ABOUT THIS TASK |
For this exercise, return only the lines in the records below from the one holding "Hier gab es" through the one holding "COMFORT A4 stockbook", including both, exactly as they appear and without pictures.

MATERIAL SUPPLIED |

============================================================

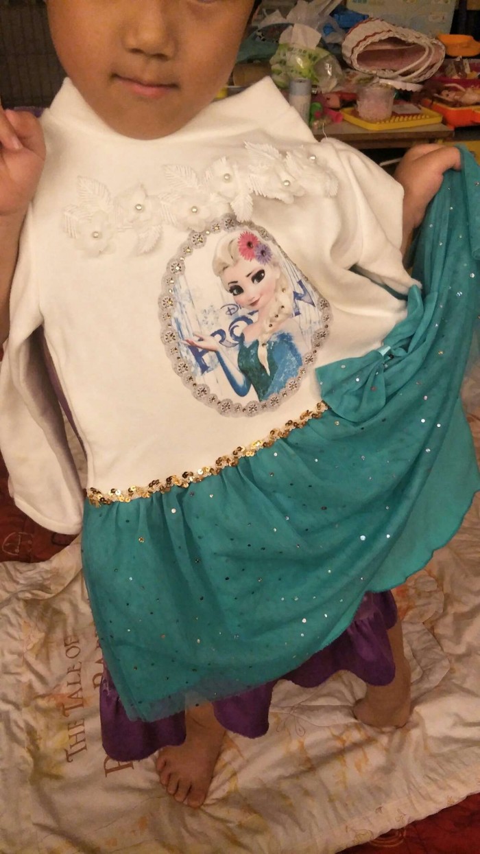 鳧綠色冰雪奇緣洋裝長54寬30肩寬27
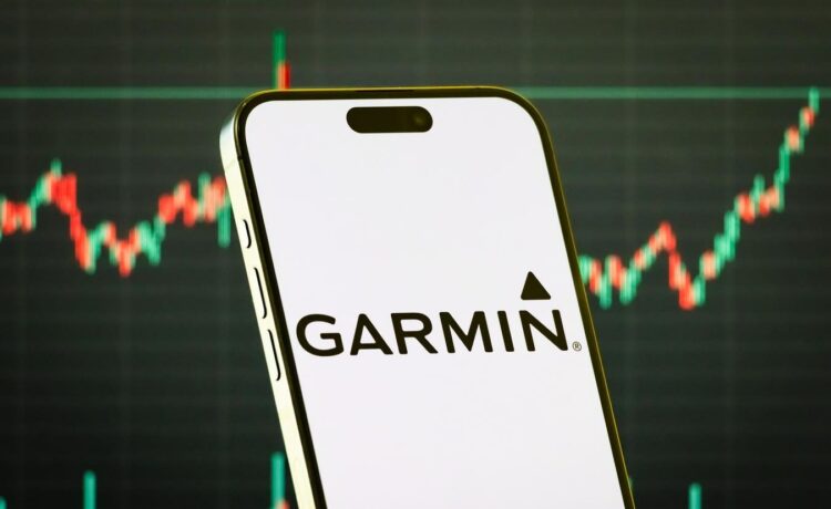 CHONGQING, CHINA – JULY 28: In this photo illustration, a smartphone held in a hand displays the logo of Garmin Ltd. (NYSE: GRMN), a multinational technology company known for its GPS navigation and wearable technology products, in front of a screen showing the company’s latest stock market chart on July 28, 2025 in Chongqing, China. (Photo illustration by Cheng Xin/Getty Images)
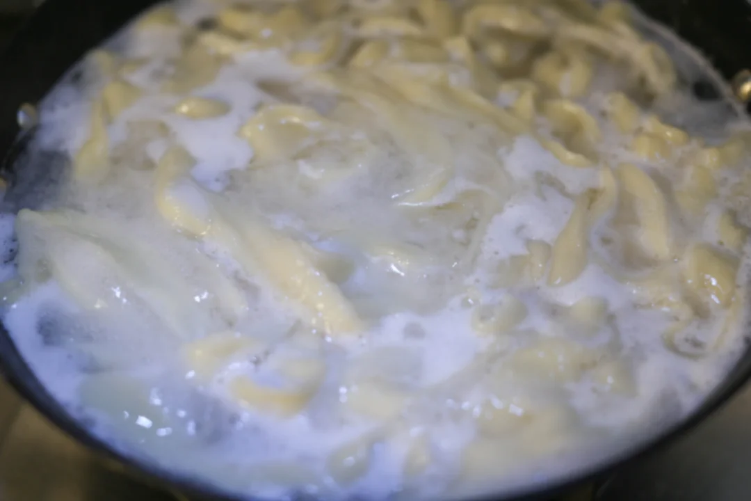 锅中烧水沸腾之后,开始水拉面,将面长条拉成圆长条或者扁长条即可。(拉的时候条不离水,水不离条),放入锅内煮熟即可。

============================================================

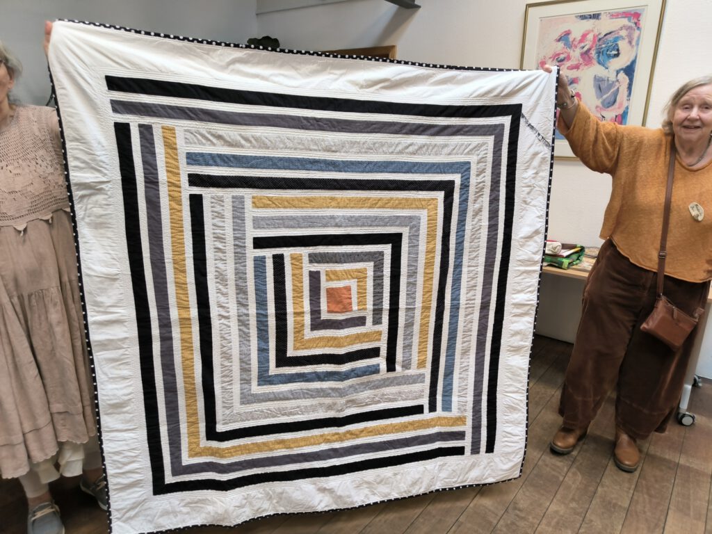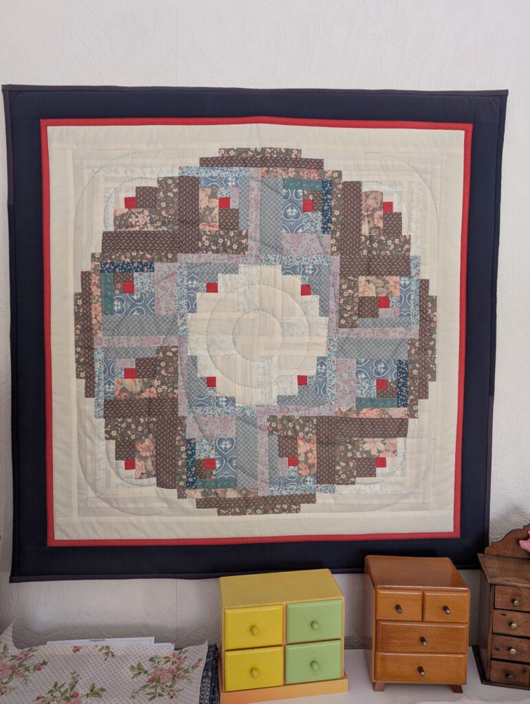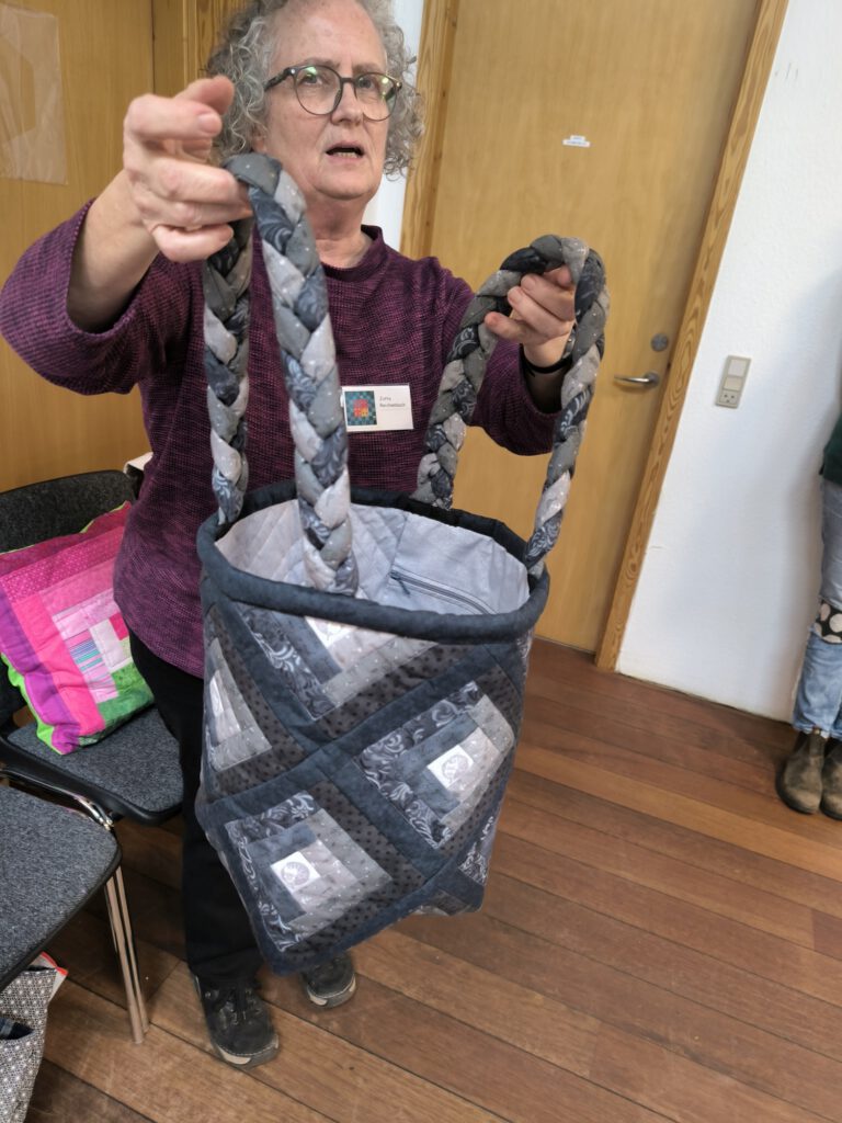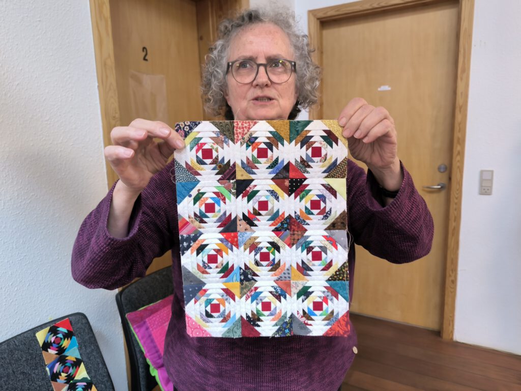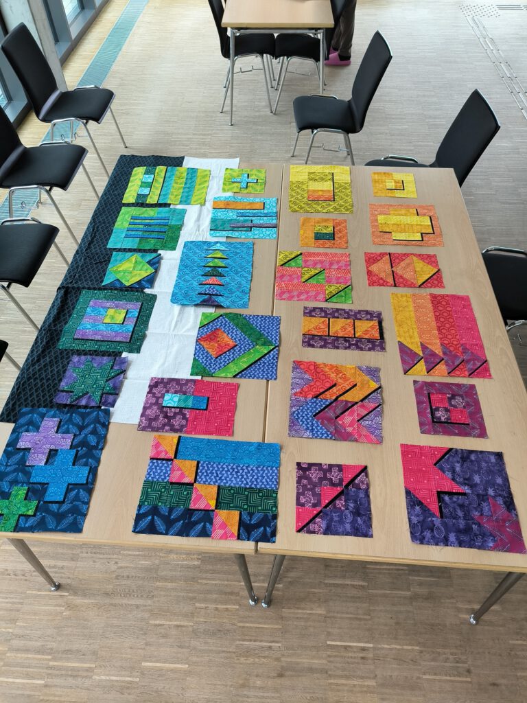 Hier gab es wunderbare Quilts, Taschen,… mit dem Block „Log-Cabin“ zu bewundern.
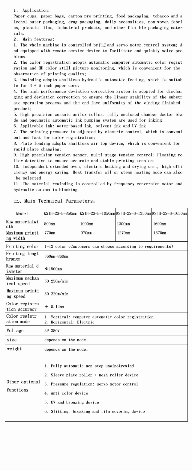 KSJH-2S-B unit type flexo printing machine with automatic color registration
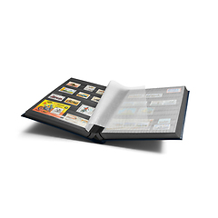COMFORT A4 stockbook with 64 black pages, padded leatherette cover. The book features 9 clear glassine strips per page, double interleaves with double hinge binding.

============================================================

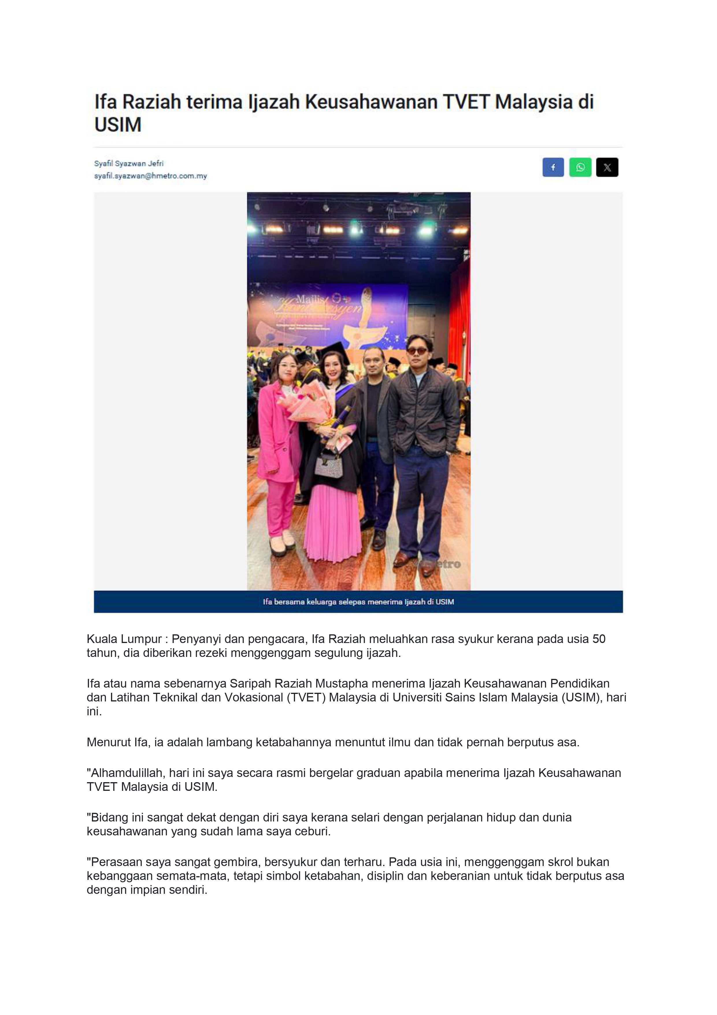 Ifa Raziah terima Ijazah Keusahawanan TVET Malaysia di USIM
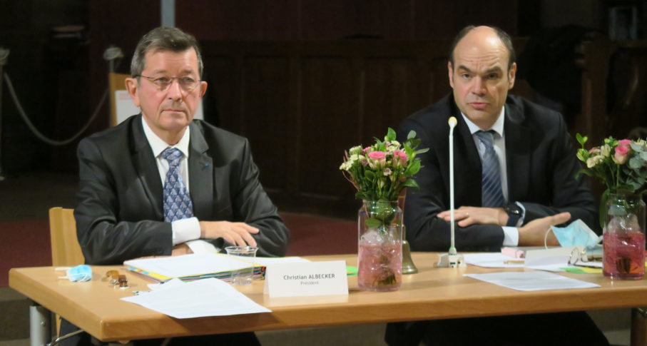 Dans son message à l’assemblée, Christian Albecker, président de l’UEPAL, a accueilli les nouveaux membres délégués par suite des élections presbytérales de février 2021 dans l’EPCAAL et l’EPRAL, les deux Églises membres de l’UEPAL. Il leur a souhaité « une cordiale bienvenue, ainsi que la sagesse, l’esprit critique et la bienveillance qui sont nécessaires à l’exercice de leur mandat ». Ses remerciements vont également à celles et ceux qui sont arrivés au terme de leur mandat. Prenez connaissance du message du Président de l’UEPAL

============================================================

EXPECTED ANSWER |
 Hier gab es wunderbare Quilts, Taschen,… mit dem Block „Log-Cabin“ zu bewundern.
 KSJH-2S-B unit type flexo printing machine with automatic color registration
COMFORT A4 stockbook with 64 black pages, padded leatherette cover. The book features 9 clear glassine strips per page, double interleaves with double hinge binding.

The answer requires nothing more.